Brian Caffo Shares His Impression of the Massive Datasets Opening Workshop

The following post is from Brian Caffo, Associate Professor, Department of Biostatistics at the Johns Bloomberg Hopkins School of Public Health at Johns Hopkins University. He recently attended the opening workshop for the Massive Datasets Program.

Close up of Brian Caffo

Brian Caffo, Johns Hopkins University. Photo by Jay VanRensselaer.

SAMSI’s opening workshop for its Massive Datasets program was a resounding success. It brought together applied mathematicians, computer scientists and statisticians of various stripes together to self organize into likely fruitful collaborations.
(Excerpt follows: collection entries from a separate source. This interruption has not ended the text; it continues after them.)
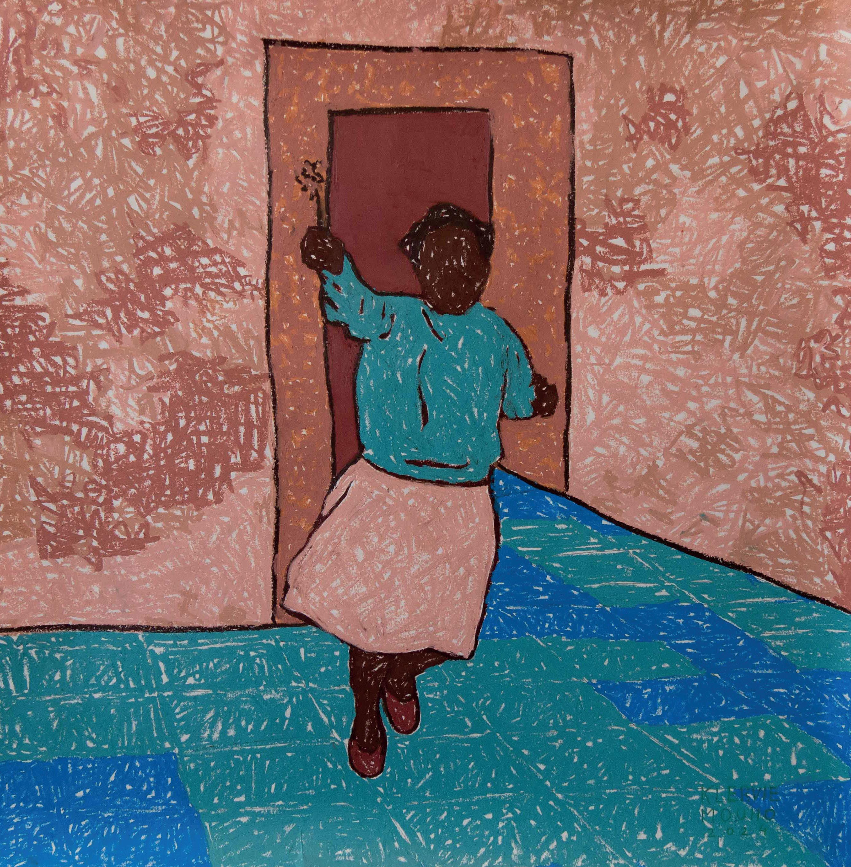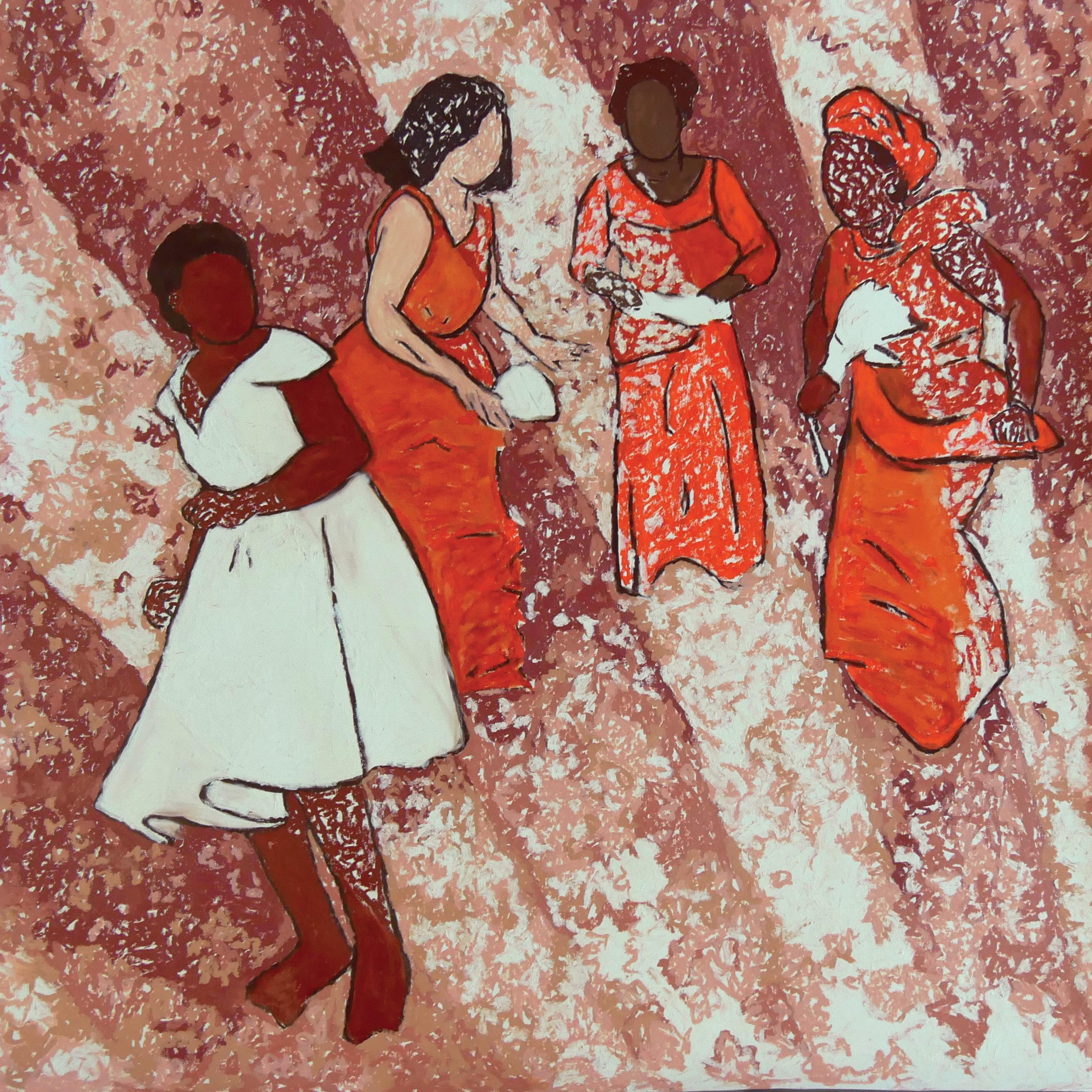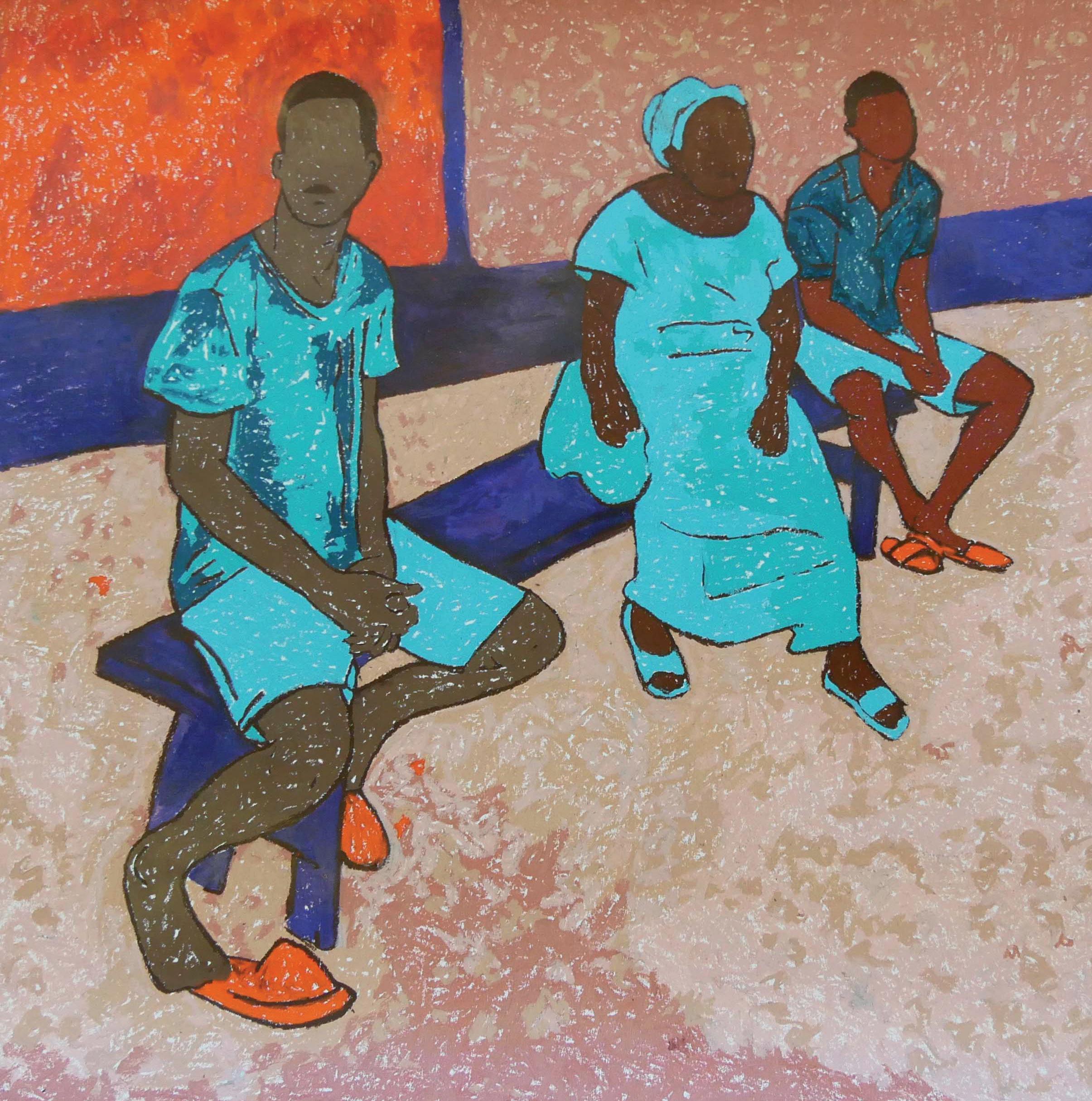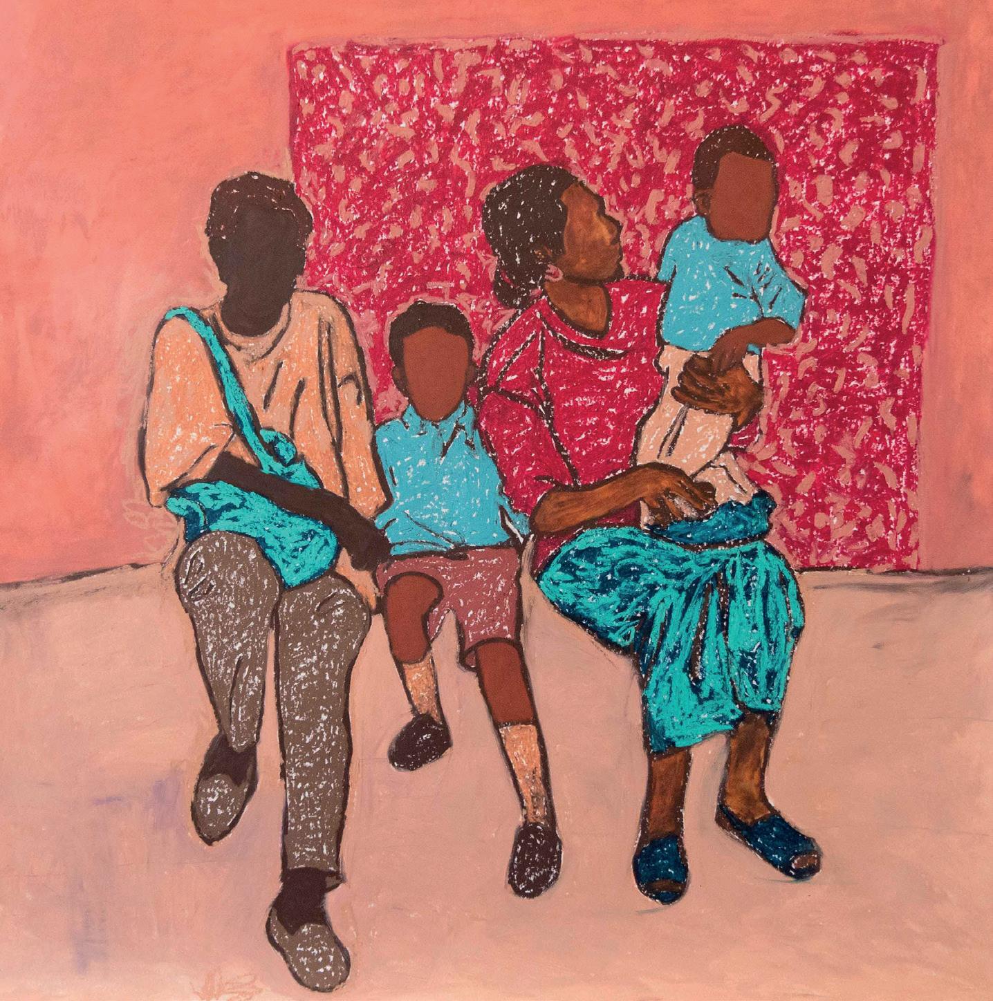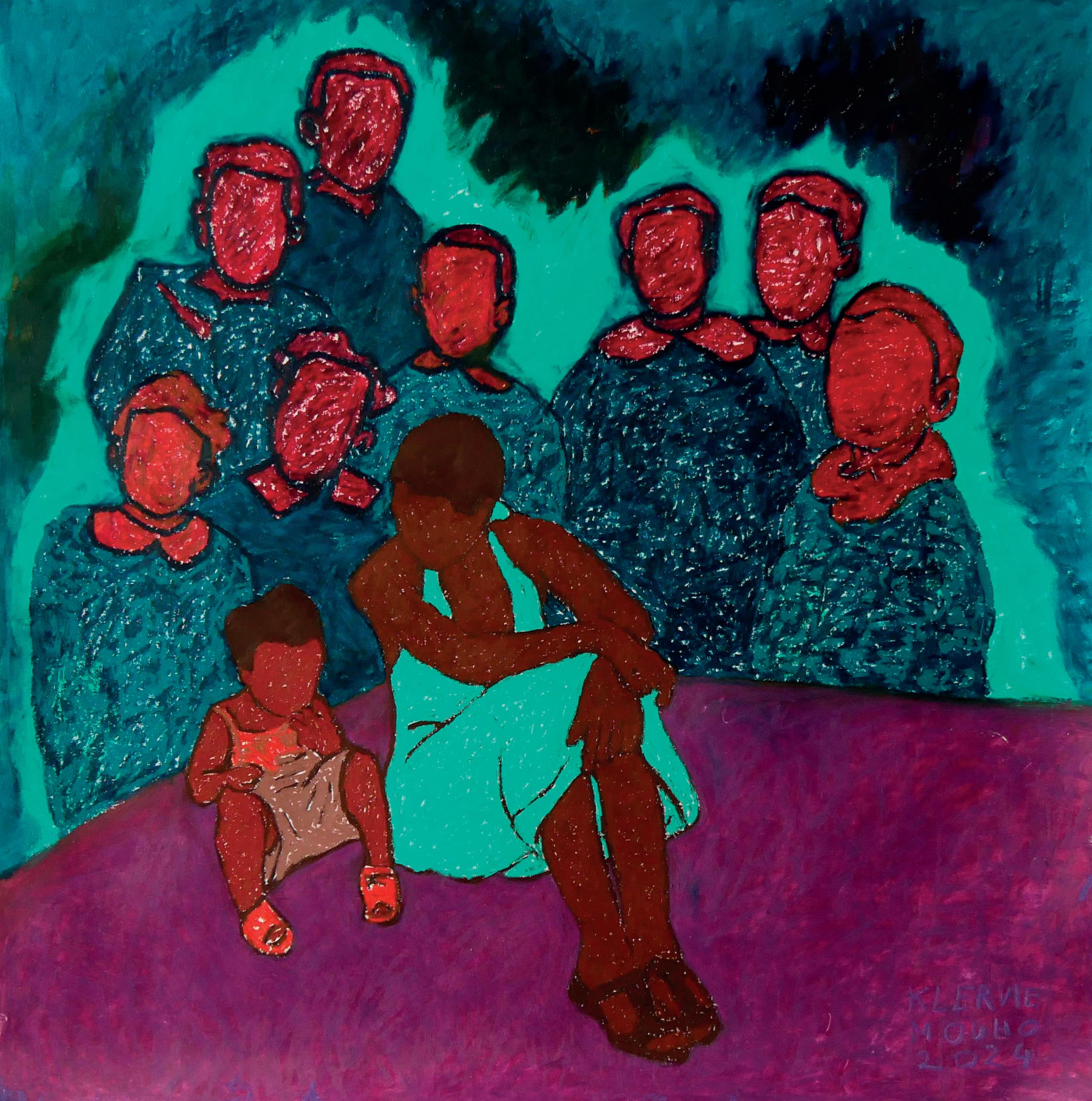 Mouho works mainly with pastel drawings, but also painting, and photography. Her work is inspired by memories that are both poignant and vague - collective memories of a troubled time in Côte d’Ivoire when she was still a child, including political unrest and military uprisings, as well as lighter, more personal memories of family visits and celebrations.
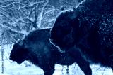 Bison winter day in the snow
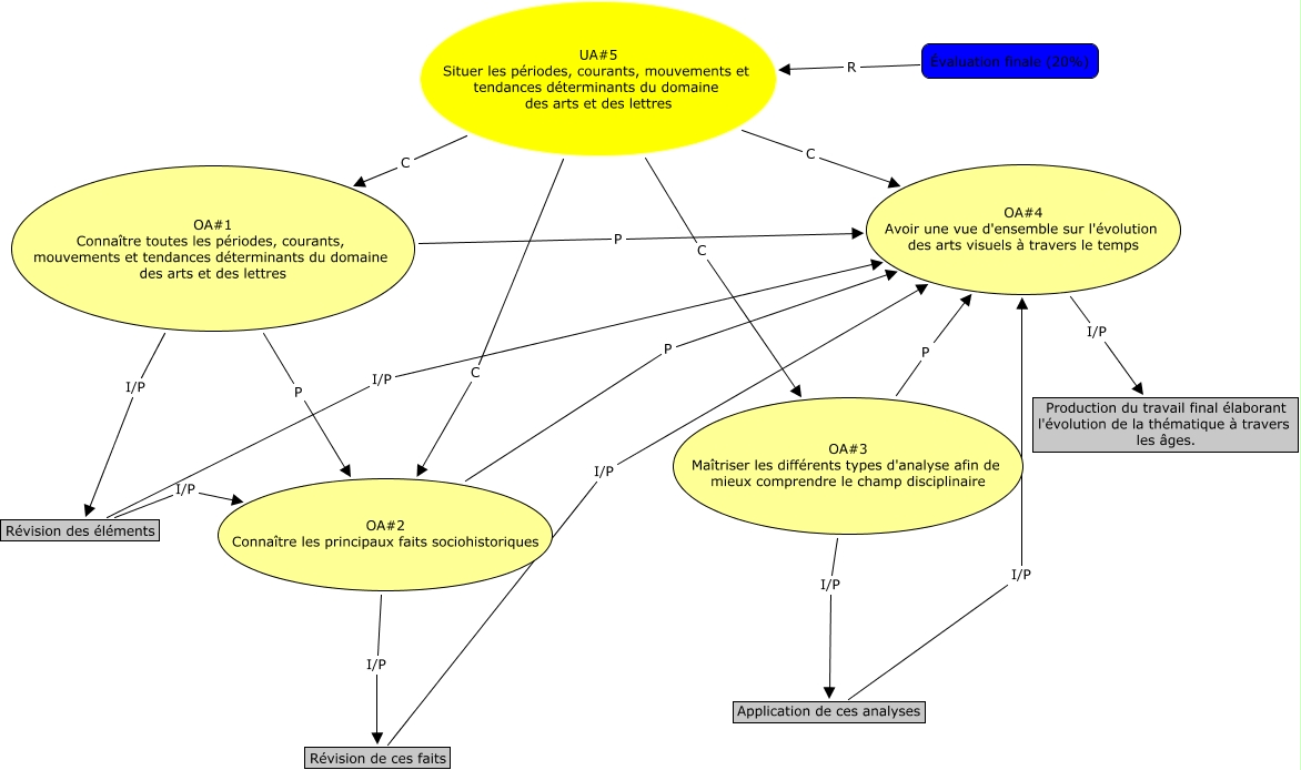 Cette carte de concepts créée avec IHMC CmapTools traite de: UA5, Application de ces analyses I/P OA#4 Avoir une vue d'ensemble sur l'évolution des arts visuels à travers le temps, OA#1 Connaître toutes les périodes, courants, mouvements et tendances déterminants du domaine des arts et des lettres P OA#4 Avoir une vue d'ensemble sur l'évolution des arts visuels à travers le temps, UA#5 Situer les périodes, courants, mouvements et tendances déterminants du domaine des arts et des lettres C OA#1 Connaître toutes les périodes, courants, mouvements et tendances déterminants du domaine des arts et des lettres, OA#1 Connaître toutes les périodes, courants, mouvements et tendances déterminants du domaine des arts et des lettres I/P Révision des éléments, OA#1 Connaître toutes les périodes, courants, mouvements et tendances déterminants du domaine des arts et des lettres P OA#2 Connaître les principaux faits sociohistoriques, Révision des éléments I/P OA#4 Avoir une vue d'ensemble sur l'évolution des arts visuels à travers le temps, Révision des éléments I/P OA#2 Connaître les principaux faits sociohistoriques, OA#4 Avoir une vue d'ensemble sur l'évolution des arts visuels à travers le temps I/P Production du travail final élaborant l'évolution de la thématique à travers les âges., OA#3 Maîtriser les différents types d'analyse afin de mieux comprendre le champ disciplinaire I/P Application de ces analyses, UA#5 Situer les périodes, courants, mouvements et tendances déterminants du domaine des arts et des lettres C OA#2 Connaître les principaux faits sociohistoriques, Évaluation finale (20%) R UA#5 Situer les périodes, courants, mouvements et tendances déterminants du domaine des arts et des lettres, Révision de ces faits I/P OA#4 Avoir une vue d'ensemble sur l'évolution des arts visuels à travers le temps, UA#5 Situer les périodes, courants, mouvements et tendances déterminants du domaine des arts et des lettres C OA#4 Avoir une vue d'ensemble sur l'évolution des arts visuels à travers le temps, OA#2 Connaître les principaux faits sociohistoriques P OA#4 Avoir une vue d'ensemble sur l'évolution des arts visuels à travers le temps, OA#3 Maîtriser les différents types d'analyse afin de mieux comprendre le champ disciplinaire P OA#4 Avoir une vue d'ensemble sur l'évolution des arts visuels à travers le temps, OA#2 Connaître les principaux faits sociohistoriques I/P Révision de ces faits, UA#5 Situer les périodes, courants, mouvements et tendances déterminants du domaine des arts et des lettres C OA#3 Maîtriser les différents types d'analyse afin de mieux comprendre le champ disciplinaire
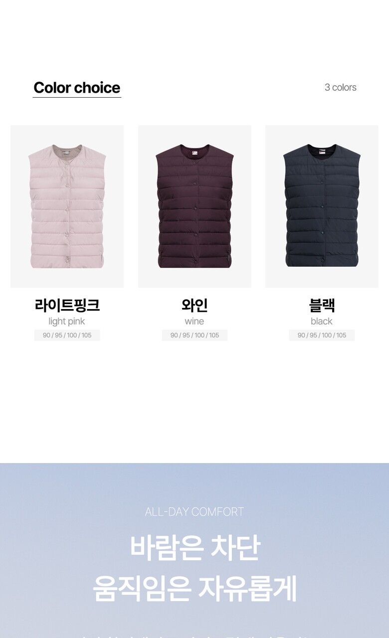 [PWX][A]Q325-6451-53 여성 경량 패딩베스트
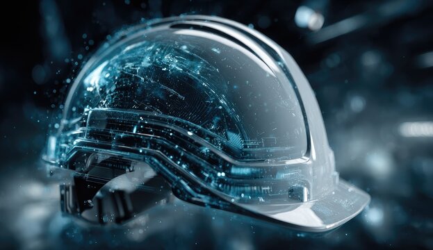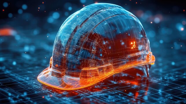Futuristic safety helmet overlaid with digital network.
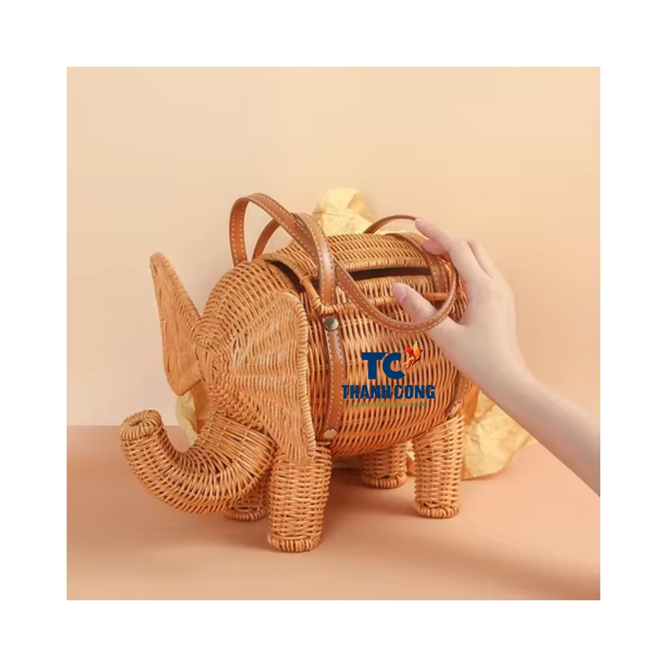 Wholesale Baby Elephant Shaped Rattan Basket With Leather Handle Can Be Worn Cross-Body As Decoration
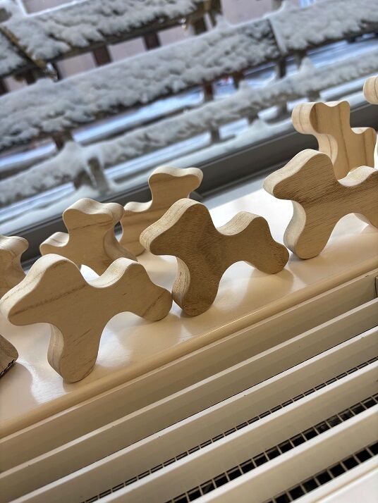 また、冬になったのでカエルのおもちゃには冬眠してもらって、かわりにワンコの積木を出しました。
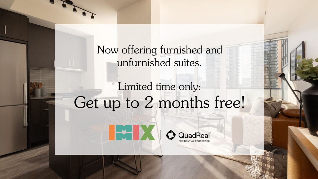 Thank you for your interest. We are offering virtual and in-person tours. Furnished and Unfurnished Suites Available Now! -- Discover the X Factor at IMMIX. Up to Two Months Free Rent*. Design-savvy rentals in the heart of Toronto, where bold style, smart amenities, and creative energy collide. Nestled in a prime location, our community offers a harmonious blend of comfort, convenience, and style. With an array of exceptional amenities, IMMIX provides an ideal living experience for anyone seeking a vibrant community atmosphere. Situated in a desirable location, IMMIX offers easy access to everything you need. From fine dining establishments to trendy cafes, shopping boutiques to entertainment venues, you'll find an abundance of options just steps from your front door. The nearby parks and green spaces provide a peaceful retreat from the bustling city, allowing you to enjoy nature's tranquility. Discover the perfect place to call home at IMMIX. Suite Features: - Furnished and Unfurnished Options - Whirlpool Front Loading Washer/Dryer - Generous 8'6" Ceilings in Most Living Areas - Hardwood-style Luxury Vinyl throughout - Highly Efficient Fixtures for Smart Water Usage - Individually Climate Controlled Heating and Cooling for Year-round Comfort - Whirlpool Stainless Steel Package: Front Control Electric Range, Bottom Freezer Refrigerator, and Built-In Dishwasher - Undercabinet Lighting - Double Sink Vanities** - Large Windows and Expansive Balconies - Spa-Inspired Bathrooms with Oversized Porcelain Matte Tiles and Modern Soaker Tubs - Smart Locks on Entry Doors - Quartz Slab Counters - Two Timeless Colour Palettes to Choose From: Oyster & Mocha - Upgraded 30” Appliances Including a Fisher & Paykel Refrigerator/Freezer in 3 Bedroom Suites - Custom Window Coverings - Pet Friendly - Soaker Tubs** - Internet Ready Suites with Rally **In Select Suites Community Amenities: - PowerFuel Performance Zone: Official Hammer Strength ® Training Facility - Paws & Suds Station - InnoHub Co-working Space - The Hive Co-working Space - North and South Yonge Lounges - Brainstorm Hub Meeting Room - Cabana Lounge - Aqua Deck - Yoga Den - SpinScape Studio - SkyScape Lounge - BBQ Terrace with Outdoor Seating - Locally Curated Art Collection - Underground Parking - Smoke-Free - Common Area Wi-Fi - Smart Parcel Lockers - QuadReal+ Home Mobile App - Professionally Managed by QuadReal *Terms and Conditions Apply. Select Floorplans and Lease Terms. Please Contact for More Details. Our Net Zero Commitment: QuadReal is committed to net zero carbon by 2050 across its global portfolio in alignment with science-based carbon reduction goals. QuadReal’s net zero strategy builds on its original 2016 mandate to achieve an 80 per cent carbon reduction goal across its Canadian operations. Since 2016, QuadReal has demonstrated leadership in reducing carbon emissions across its Canadian portfolio and will use key learnings to accelerate and deepen its sustainability goals in both its Canadian and international assets. You can learn more about our net zero strategy at quadreal com

The conference included many talks and panels on methods developments and applications for analyzing large data sets. The conference was absolutely top notch. The speakers and organizers should be applauded.

To stop this blog post from being an entirely congratulatory exercise, however, I’d like to raise some points of discussion for the relevant fields.  It was inescapable to notice that a prevailing style of methodology research exists from the talks at SAMSI. Particularly, researchers search for the core elements of commonality in massive data set problems and go after them with general solutions that would apply across settings.  The goal is then new methodology that applies broadly. This has been the model for statistics, applied mathematics and computer science for quite some time.

My question is, “Is this model sufficient for the challenge of big data?” An alternative strategy would be to focus on specific big data problems. The concern being that when focusing on the general, interesting specific aspects of a unique large data set get lost. So, for example, instead of worrying about general theory, such as computational orders of magnitude, asymptotics and optimality,  worrying about successfully fitting meaningful models on giant benchmark data sets that serve as rallying points. My guess, is that this strategy might serve better for bringing researchers together to work collaboratively, or even competitively towards common goals.

These points notwithstanding it was a great conference.  My experience probably mirrored others in that I learned quite a bit, got a chance to catch up with friends and got to meet great researchers that will likely result in collaborations.